Exercise goal: Please print, exactly, only the lines in the entries below from the line that has "058期:〖权威高手〗 👩‍" through the line that has "Closeup of black". Pictures don't go in.

Supplied entries:
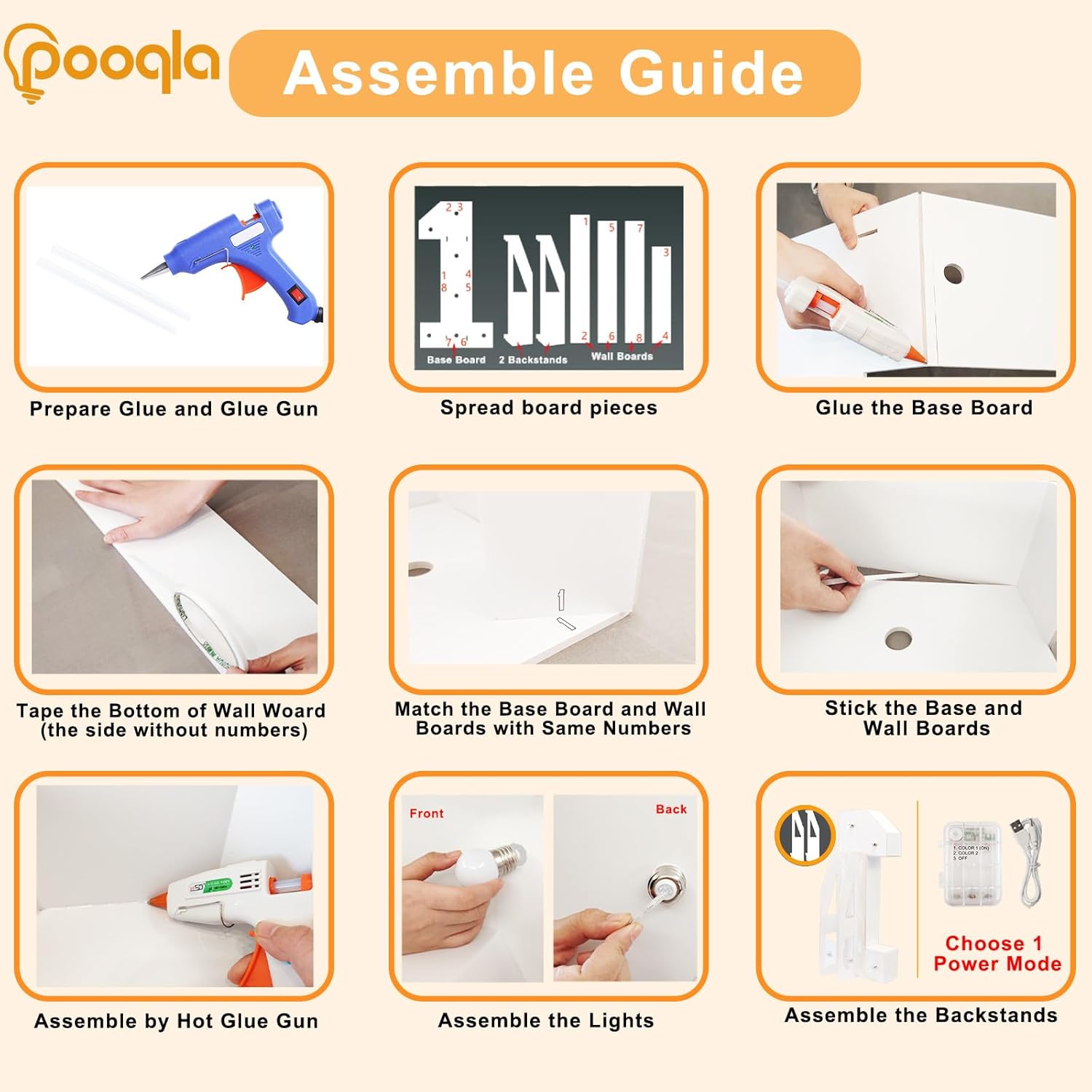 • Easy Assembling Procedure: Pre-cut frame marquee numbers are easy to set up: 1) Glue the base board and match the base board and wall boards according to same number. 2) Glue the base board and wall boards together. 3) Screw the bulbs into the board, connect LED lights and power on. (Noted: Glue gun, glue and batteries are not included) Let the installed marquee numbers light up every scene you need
---
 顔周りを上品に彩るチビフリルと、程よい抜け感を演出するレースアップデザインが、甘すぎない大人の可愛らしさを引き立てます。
...
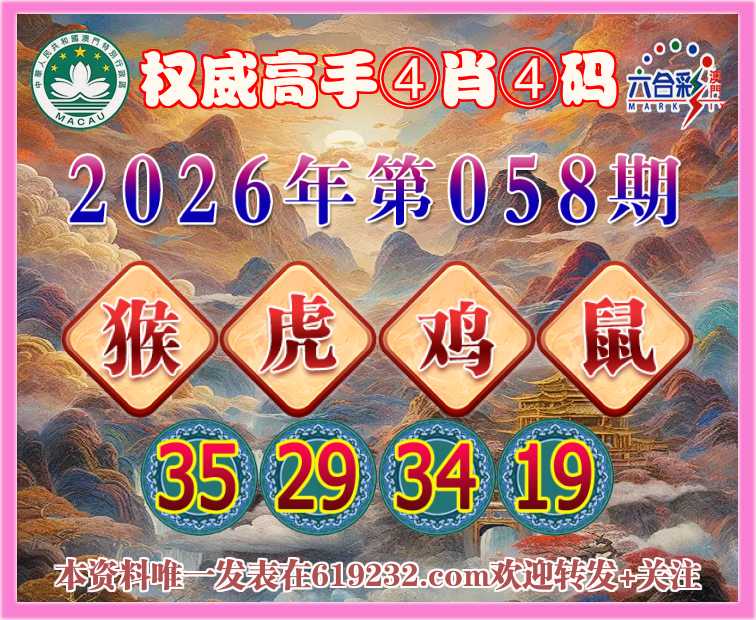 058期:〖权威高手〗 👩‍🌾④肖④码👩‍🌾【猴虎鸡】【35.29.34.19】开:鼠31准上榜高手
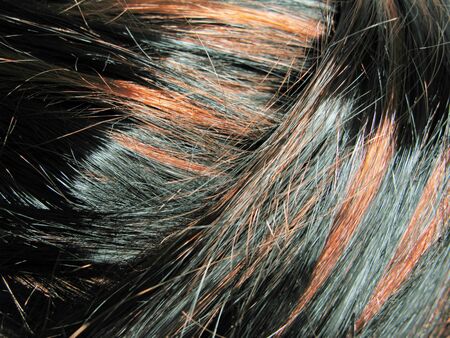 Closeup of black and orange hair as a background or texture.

Your solution:
 058期:〖权威高手〗 👩‍🌾④肖④码👩‍🌾【猴虎鸡】【35.29.34.19】开:鼠31准上榜高手
 Closeup of black and orange hair as a background or texture.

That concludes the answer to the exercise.